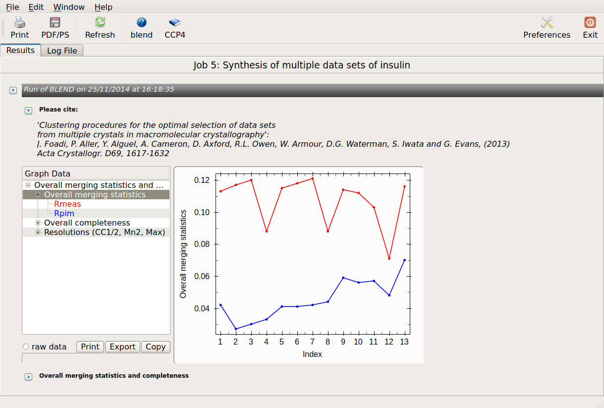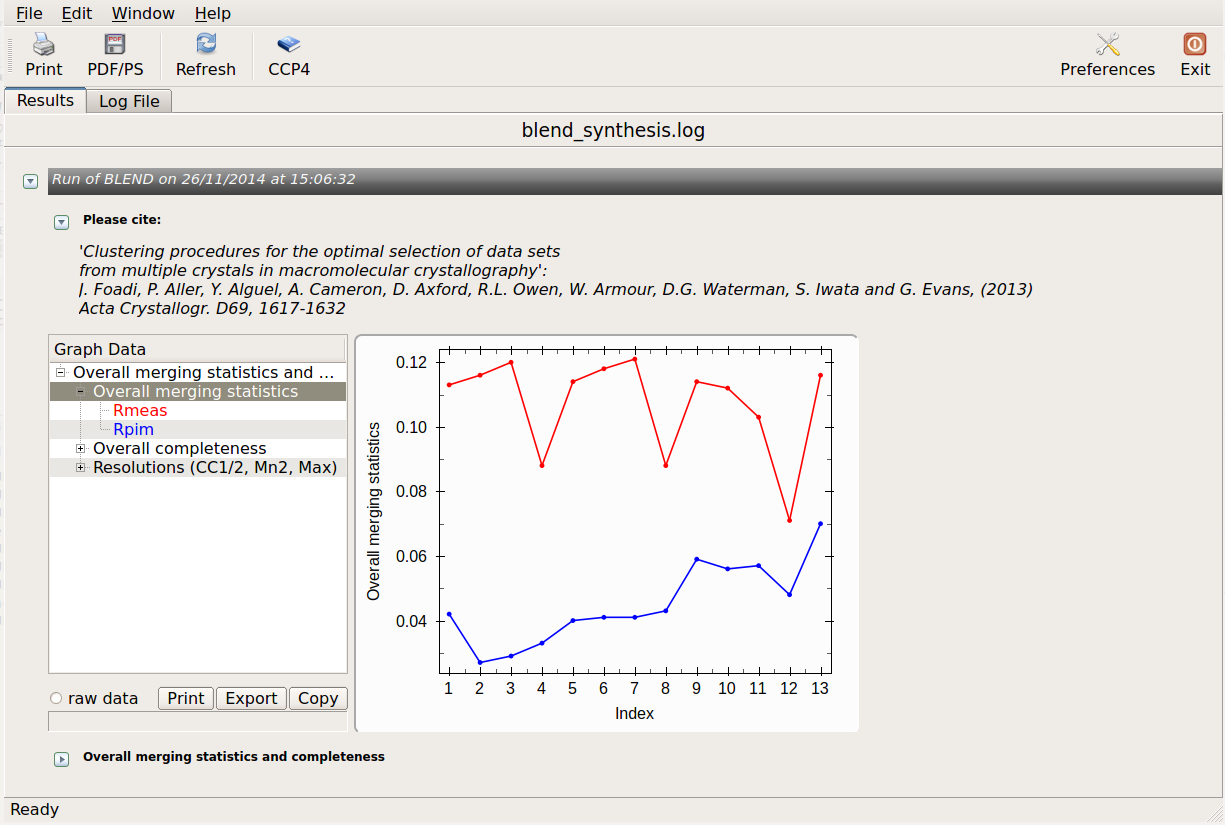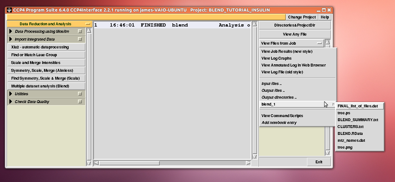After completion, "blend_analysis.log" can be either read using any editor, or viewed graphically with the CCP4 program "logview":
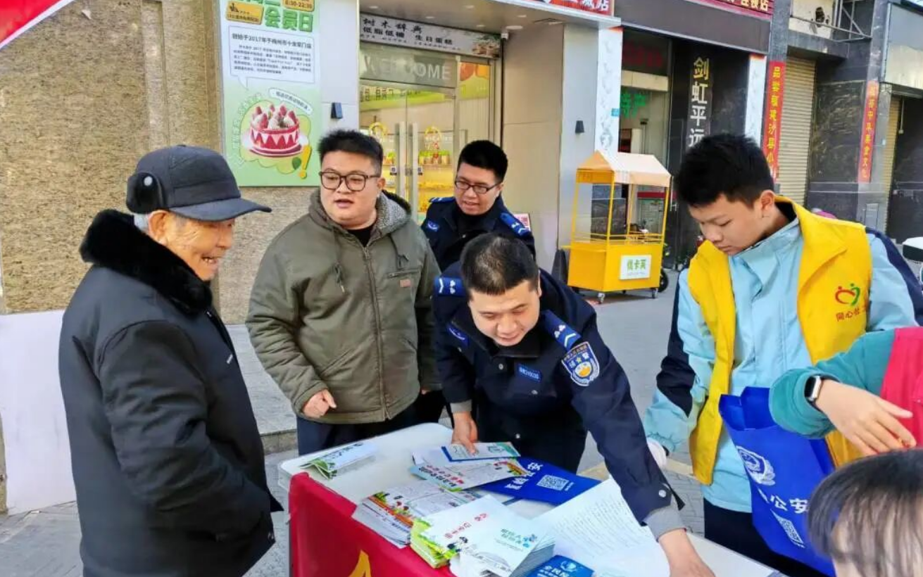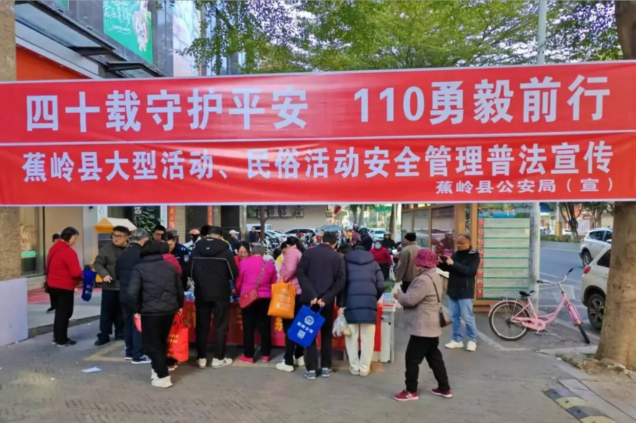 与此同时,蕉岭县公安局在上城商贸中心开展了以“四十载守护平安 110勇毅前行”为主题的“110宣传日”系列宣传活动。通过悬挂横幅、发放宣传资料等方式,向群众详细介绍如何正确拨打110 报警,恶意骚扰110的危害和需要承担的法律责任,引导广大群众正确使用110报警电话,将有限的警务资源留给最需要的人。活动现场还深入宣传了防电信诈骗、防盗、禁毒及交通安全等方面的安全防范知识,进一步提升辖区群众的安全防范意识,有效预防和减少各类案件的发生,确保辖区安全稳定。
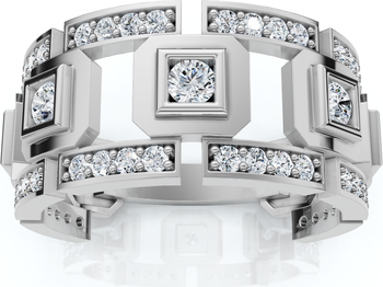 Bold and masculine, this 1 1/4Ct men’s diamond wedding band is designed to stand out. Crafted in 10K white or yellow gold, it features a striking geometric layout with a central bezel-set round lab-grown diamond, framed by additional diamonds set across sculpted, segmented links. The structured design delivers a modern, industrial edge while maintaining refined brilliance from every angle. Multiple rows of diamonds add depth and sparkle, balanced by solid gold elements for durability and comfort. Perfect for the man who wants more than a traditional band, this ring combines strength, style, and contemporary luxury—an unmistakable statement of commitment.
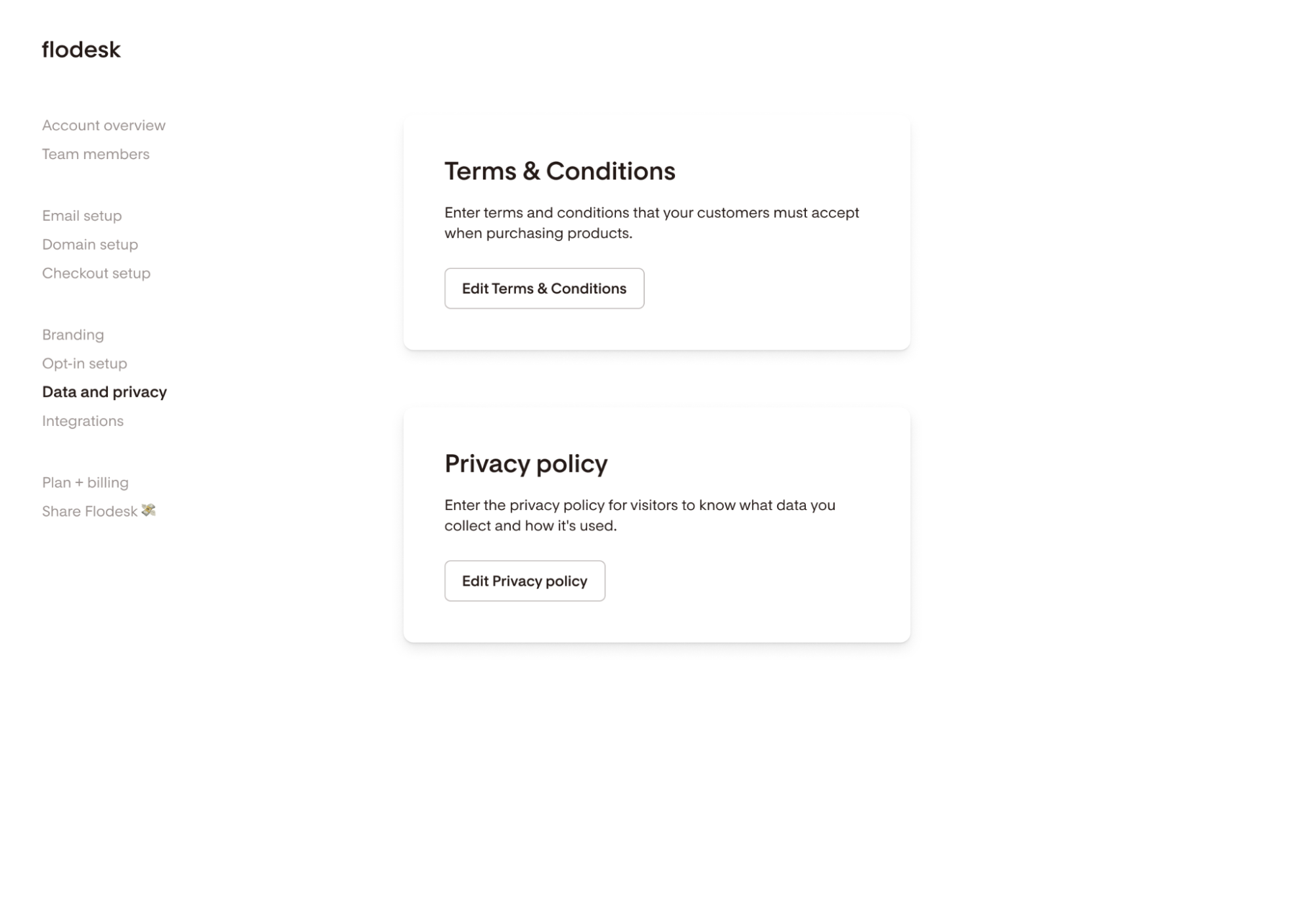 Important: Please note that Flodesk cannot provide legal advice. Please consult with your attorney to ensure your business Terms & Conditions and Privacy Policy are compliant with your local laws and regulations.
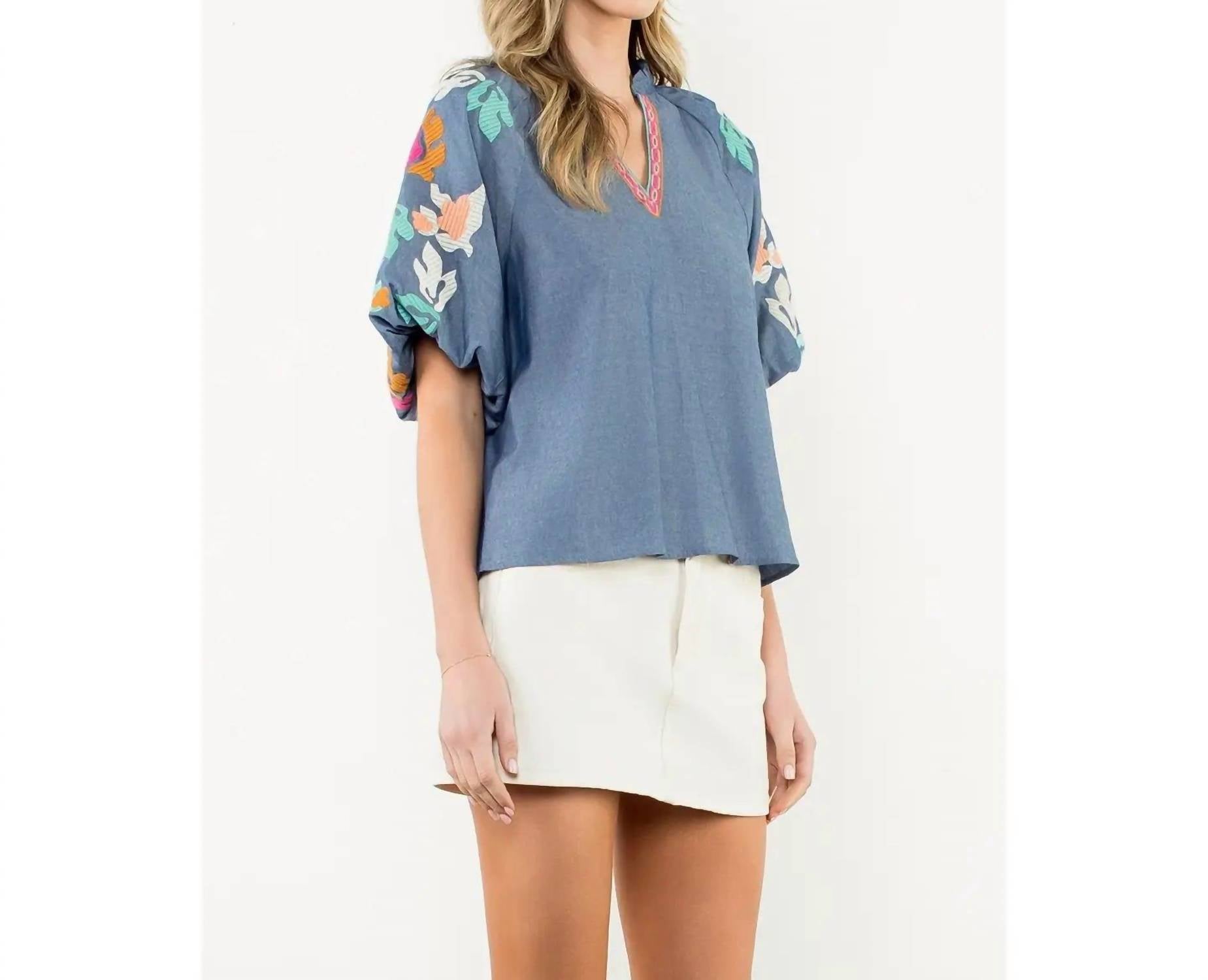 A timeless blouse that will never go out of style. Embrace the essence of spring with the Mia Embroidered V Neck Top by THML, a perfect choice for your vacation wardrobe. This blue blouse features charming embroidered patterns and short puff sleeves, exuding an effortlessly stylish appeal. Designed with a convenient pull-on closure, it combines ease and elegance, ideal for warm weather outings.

§

## What is being asked:
Skipping all images, output the listing exactly.

## Output of the task:
After completion, "blend_analysis.log" can be either read using any editor, or viewed graphically with the CCP4 program "logview":
 与此同时,蕉岭县公安局在上城商贸中心开展了以“四十载守护平安 110勇毅前行”为主题的“110宣传日”系列宣传活动。通过悬挂横幅、发放宣传资料等方式,向群众详细介绍如何正确拨打110 报警,恶意骚扰110的危害和需要承担的法律责任,引导广大群众正确使用110报警电话,将有限的警务资源留给最需要的人。活动现场还深入宣传了防电信诈骗、防盗、禁毒及交通安全等方面的安全防范知识,进一步提升辖区群众的安全防范意识,有效预防和减少各类案件的发生,确保辖区安全稳定。
 Bold and masculine, this 1 1/4Ct men’s diamond wedding band is designed to stand out. Crafted in 10K white or yellow gold, it features a striking geometric layout with a central bezel-set round lab-grown diamond, framed by additional diamonds set across sculpted, segmented links. The structured design delivers a modern, industrial edge while maintaining refined brilliance from every angle. Multiple rows of diamonds add depth and sparkle, balanced by solid gold elements for durability and comfort. Perfect for the man who wants more than a traditional band, this ring combines strength, style, and contemporary luxury—an unmistakable statement of commitment.
 Important: Please note that Flodesk cannot provide legal advice. Please consult with your attorney to ensure your business Terms & Conditions and Privacy Policy are compliant with your local laws and regulations.
 A timeless blouse that will never go out of style. Embrace the essence of spring with the Mia Embroidered V Neck Top by THML, a perfect choice for your vacation wardrobe. This blue blouse features charming embroidered patterns and short puff sleeves, exuding an effortlessly stylish appeal. Designed with a convenient pull-on closure, it combines ease and elegance, ideal for warm weather outings.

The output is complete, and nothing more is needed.